If I misunderstood you let me know. I'm definitely a little slow when it comes to these things . And it is very frustrating considering how much money I spent on the set up and how much I've learned since that time that I've still been unable to solve the problem (though if Andy's solution makes sense then I just need to find a friend I trust who knows what he's doing to help since I will not try it myself with all my prized fish in the tank and nowhere else for them to go).

ferguson, that's not the issue but thanks for the suggestion. It's a gurgling noise and is definitely due to something prior to the water leaving the pipe and entering the sump. It goes into a column of water on the left (it is an AGA 3 Sump Model). I don't like the sump much but that's a separate matter altogether.

I do have a lid. And it actually increases the vibration noise of the pump. However, you are right that it decreases the other noises.

Sadly this is not my first thread discussing the noise in my sump (many have tried to help) but hopefully for others there is information in the prior threads that helps. Do a search with my name and AGA and sump. That ought to turn up all the threads I've discussed this issue in, but not too many, if any, other threads.


----------



## Narwhal72 (Sep 26, 2006)

I am afraid the information you were given is still incorrect. A 1" hole will not accomodate a 1/2" bulkhead. You need a 1.125" hole for that size bulkhead. A 1.625" hole will not accomodate a 1" bulkhead. You need a 1.75" hole.

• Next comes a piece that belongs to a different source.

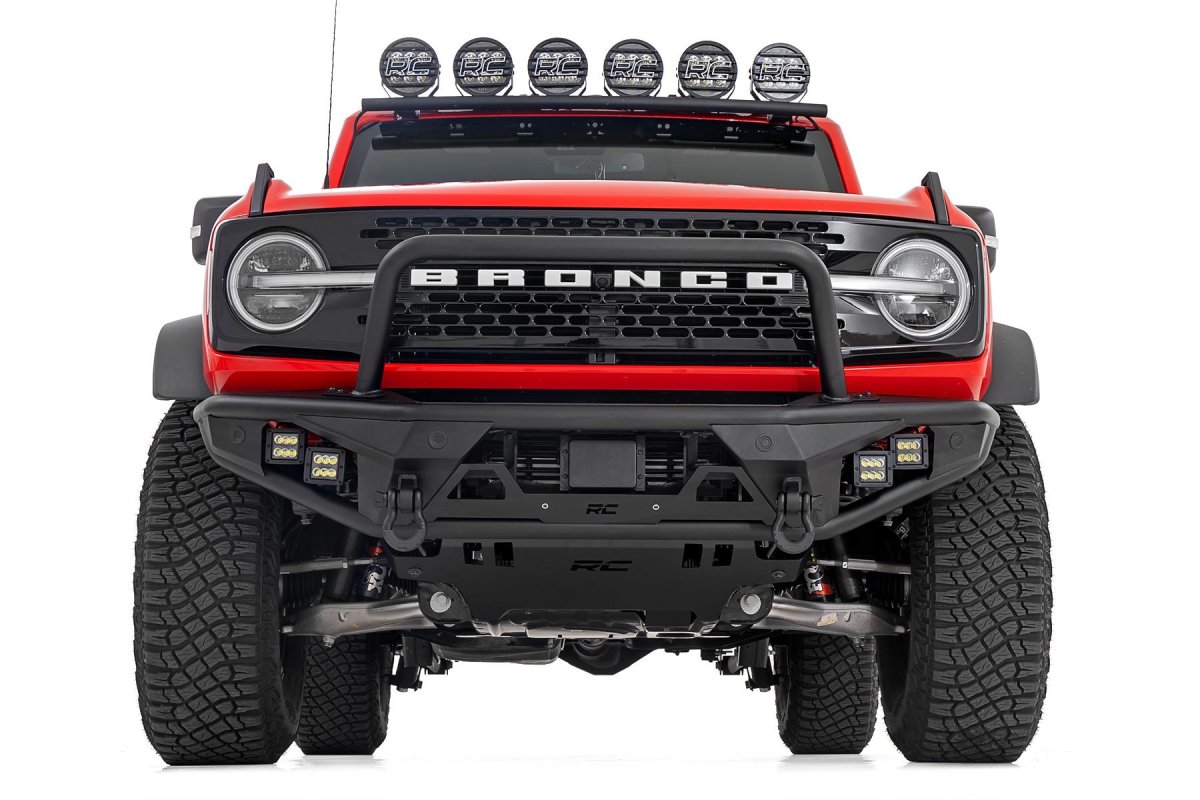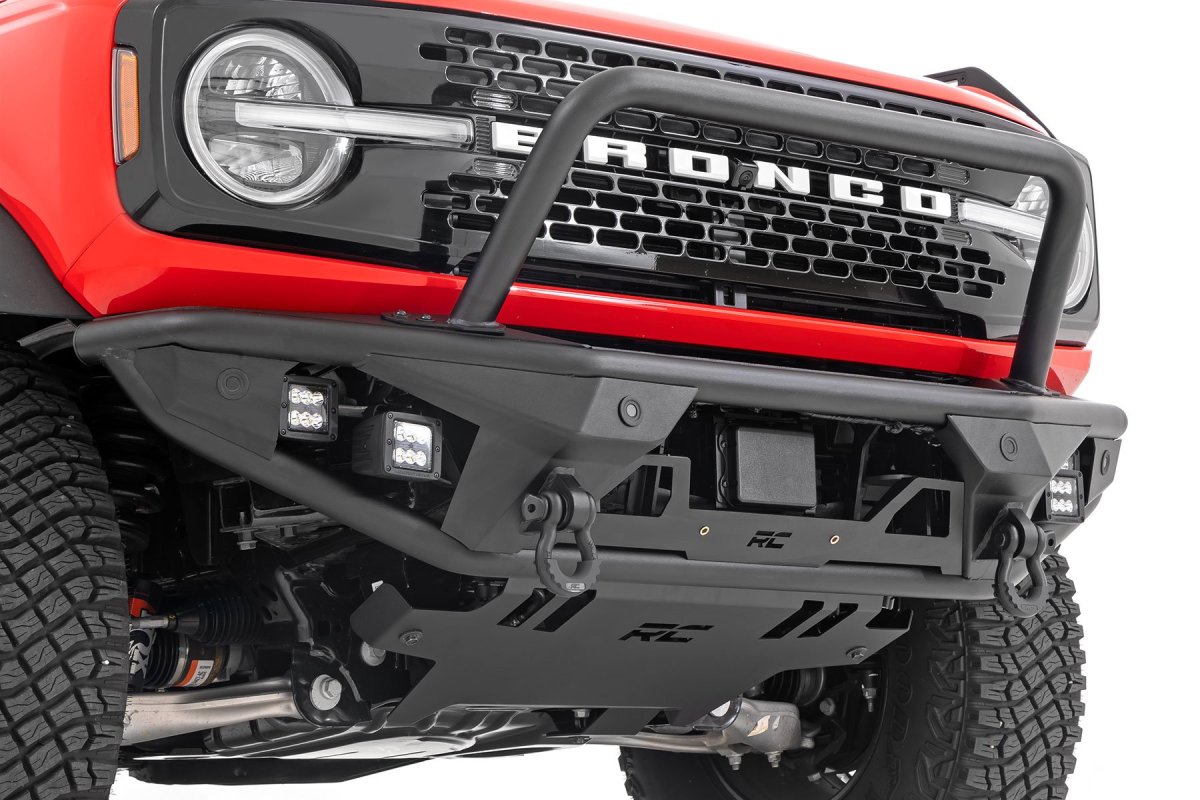 Engineered with precision, the Rough Country Front Bumper is a testament to durability and performance. Its robust construction features 2-inch diameter tubing that not only provides a durable shield against debris but also augments the Bronco’s tough aesthetic. The Satin Black finish ensures this bumper maintains its sleek look over time, resisting chipping and fading. The bumper includes a D-ring set with a formidable 4.75-ton capacity, ensuring your Bronco is always prepared for trail rescue operations. An integrated skid plate provides additional protection from underbody damage, while the bolt-on stinger bar adds an extra layer of front-end defense. With all these elements combined, your Bronco becomes an indomitable force capable of handling steep and rocky paths with ease.

If your tank is indeed fitted with a 1" hole it was drilled not for a bulkhead but for a male thread to female thread connection sealed with a gasket on both sides. This would accomodate a 3/4" pipe fitting. It's an old way of doing things (before ABS bulkheads were widely available) and prone to leaks if disturbed. Dutch Aquarium Systems and Amiracle used to use that method for their seals. However they both used 1" drain lines.

If your drain is only 3/4" the information about changing diameters is correct. You can flow more water than you could if you ran an entirely 3/4" line but there is going to be noise. And a diameter that small is restrictive. I don't know of any professional that would use that small of a drain line unless it was for a very specific purpose.
Your installers information is probably based more on personal experience than any real data. Nothing wrong with that. When I was an installer I went with what worked best for me. However there are a lot of different factors besides hole size that affect flow. And some such as the vertical head pressure allowed to build up above the drain are more important.

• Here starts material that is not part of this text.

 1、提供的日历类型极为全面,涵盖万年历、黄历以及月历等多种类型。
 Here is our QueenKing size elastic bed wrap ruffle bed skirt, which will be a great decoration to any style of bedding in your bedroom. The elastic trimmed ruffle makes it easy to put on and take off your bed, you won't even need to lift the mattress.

Any way you can post a picture of your drain system again? Maybe with a closer view of the bulkhead? Also is your tank glass or acrylic? If it's acrylic you can just drill the hole larger or grind out the hole larger with a Dremel to accomodate a larger bulkhead.

Andy


----------



## cholile (Oct 28, 2007)

Tank is glass otherwise I certainly would have someone enlarge the hole. It sounds like the problem is as the installer described. The tank I bought was drilled with too small a hole. Wish there was something I could do.


----------



## brycerb (Dec 23, 2007)

If the hole size is killing your time with your fish, just get a hang on overflow box and block off the drilled hole.


----------



## cholile (Oct 28, 2007)

don't want to put any more money into filtration on this tank and I plan to upgrade to a 300G in the near future.


----------



## brycerb (Dec 23, 2007)

Well i think you will have to write this one off as a learning experiance and upgrade as soon as possible. :thumb:


----------